AUGUSTA, Ga. — The Masters should be the easiest to predict of golf’s four major championships.
AUGUSTA, Ga. — The Masters should be the easiest to predict of golf’s four major championships.
It got a lot harder Wednesday afternoon when Dustin Johnson, the betting favorite and No. 1 player in the world, took a serious fall down a staircase at his rented home and wasn’t sure he could even tee it up at Augusta National.
His agent, David Winkle at Hambric Sports Management, said Johnson landed “very hard on his lower back.” He was treating it with ice and medication and told to remain immobile. Winkle said Johnson hopes to be able to play.
He was scheduled for the last group Thursday at 8:03 a.m.
The Westgate Las Vegas SuperBook immediately dropped the odds of Johnson winning from 11-2 to sharing the top billing at 7-1 with Jordan Spieth and Rory McIlroy.
Telling were the comments Johnson had made on Tuesday, when he was talking about the state of his game after three straight victories.
“I’ve got a lot of confidence in my game right now, especially with the way I’ve been playing the last few tournaments,” Johnson said. “But, you know, anything can happen.”
That’s true at just about every Masters, though the mishaps typically occur on the golf course.
Johnson’s status only adds to the mystery at the year’s first major.
The Masters has the smallest field, with just 94 players, and that’s before history starts eliminating about 40 percent of them.
No amateur has ever won the Masters, and five of them are in the field this year. There are 19 players at Augusta National for the first time, and not since 1979 has a Masters rookie (Fuzzy Zoeller) left with a green jacket. No one older than 46-year-old Jack Nicklaus has won the Masters, so that wipes out 11 more players.

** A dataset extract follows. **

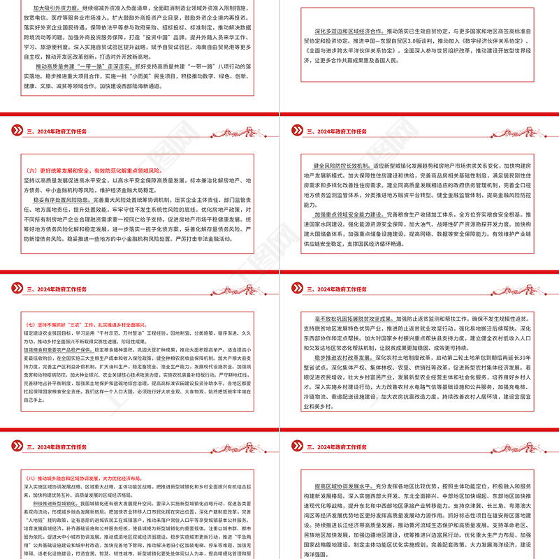 延遲符二、2024年經(jīng)濟社會發(fā)展總體要求和政策取向今年是中華人民共和國成立75周年,是實現(xiàn)“十四五”規(guī)劃目標任務的關鍵一年。做好政府工作,要在以習近平同志為核心的黨中央堅強領導下,以習近平新時代中國特色社會主義思想為指導,全面貫徹落實黨的二十大和二十屆二中全會精神,按照中央經(jīng)濟工作會議部署,堅持穩(wěn)中求進工作總基調(diào),完整、準確、全面貫徹新發(fā)展理念,加快構建新發(fā)展格局,著力推動高質量發(fā)展,全面深化改革開放,推動高水平科技自立自強,加大宏觀調(diào)控力度,統(tǒng)籌擴大內(nèi)需和深化供給側結構性改革,統(tǒng)籌新型城鎮(zhèn)化和鄉(xiāng)村全面振興,統(tǒng)籌高質量發(fā)展和高水平安全,切實增強經(jīng)濟活力、防范化解風險、改善社會預期,鞏固和增強經(jīng)濟回升向好態(tài)勢,持續(xù)推動經(jīng)濟實現(xiàn)質的有效提升和量的合理增長,增進民生福祉,保持社會穩(wěn)定,以中國式現(xiàn)代化全面推進強國建設、民族復興偉業(yè)。

No one has ever won his first tournament at the Masters, which doesn’t bode well for Roberto Castro or Kevin Chappell. And only three players since the Masters began in 1934 have ever won back to back. Sorry, Danny Willett.
So who does that leave?
The obvious choices would be Johnson (presuming he recovers), McIlroy or Jason Day, the top three players in the world. Impossible to overlook is Spieth, who has never finished worse than runner-up in his three Masters appearances.

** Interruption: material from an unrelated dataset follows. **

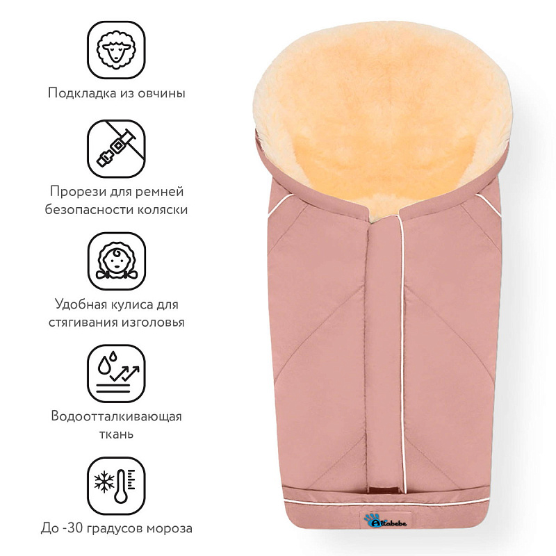 Altabebe Lambskin-Car Seat Bag MT2003-LP - Зимний конверт с уникальной теплоизоляцией согреет малыша даже в самые лютые зимы. Его внешняя часть выполнена из ветронепродуваемого материала, который обладает водоотталкивающим свойством. Внутренняя часть – 100% натуральная овчина. Утеплитель – 100% полиэстер. Задняя часть изделия имеет противоскользящую вставку и слоты для страховочных ремней, обеспечивающих надежное крепление детского зимнего конверта прогулочному сиденью коляски или автокреслу.
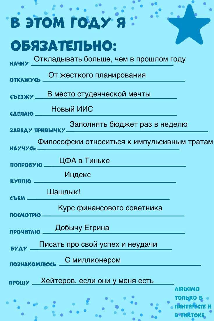 Решила заполнить анкету, нашла на Pinterest. Это будет моим небольшим планом на 2026, целей нынче ставить не хочу, лишь намечу план!

But in the last 10 years, only one player from among the top three in the world ranking won the Masters — Phil Mickelson (3) in 2010.
“That’s what makes the golf course wonderful actually, and what a great tournament it is,” Nicklaus said. “Because you really never know what’s going to happen. Even the players, as good as they might be, don’t know what’s going to happen.”

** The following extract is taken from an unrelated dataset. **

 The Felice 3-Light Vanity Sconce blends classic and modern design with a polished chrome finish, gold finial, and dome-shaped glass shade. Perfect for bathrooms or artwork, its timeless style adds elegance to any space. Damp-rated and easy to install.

For the second time in three days, the course was shut down for the afternoon by severe weather. Thousands of fans headed to the exit at 10 a.m. as a storm approached, and while the gates opened again at 12:30 p.m. for the Par 3 Contest, the fun was suspended an hour later when another storm arrived.
The curtain rises on the 81st Masters on Thursday with a course that figures to be softened by rain, which could be good news for McIlroy. It could also be confounding because of wind that always feels stronger than it really is among the Georgia pines, which could be bad news for McIlroy.
This Masters offers something for just about everyone.
For Johnson, it’s an opportunity to pronounce his dominance in the game this year. Not since Hubert Green in 1976 has a player won three straight tournaments going into the Masters. Green tied for 19th that year. The only player to make the Masters his fourth straight victory was Jimmy Demaret. That was in 1940.
For McIlroy, it’s another chance to complete the Grand Slam. He could have won the Masters six years ago until a tee shot behind the cabins, a four-putt and all sorts of blunders on the back nine led to an 80 in the final round.
Augusta National at times can favor emotion. Who can forget Ben Crenshaw winning just days after he was a pallbearer at swing coach Harvey Penick’s funeral?
That might bode well for Day, who said he wasn’t entirely sure he was going to play a few weeks ago when he brought his mother from Australia to America to have surgery for lung cancer. Odds for a recovery suddenly are much stronger, and Day has said her health has been on his mind all year.
“I owe everything to her,” Day said.
And for Spieth, there is a chance to erase a bad memory of his back-nine meltdown a year ago.
“We’ll step out and try and get a chance to win on Sunday on the back nine again,” Spieth said. “That’s all we’re asking for. That’s it. Just that small little piece.”
Johnson can only ask for a chance to play.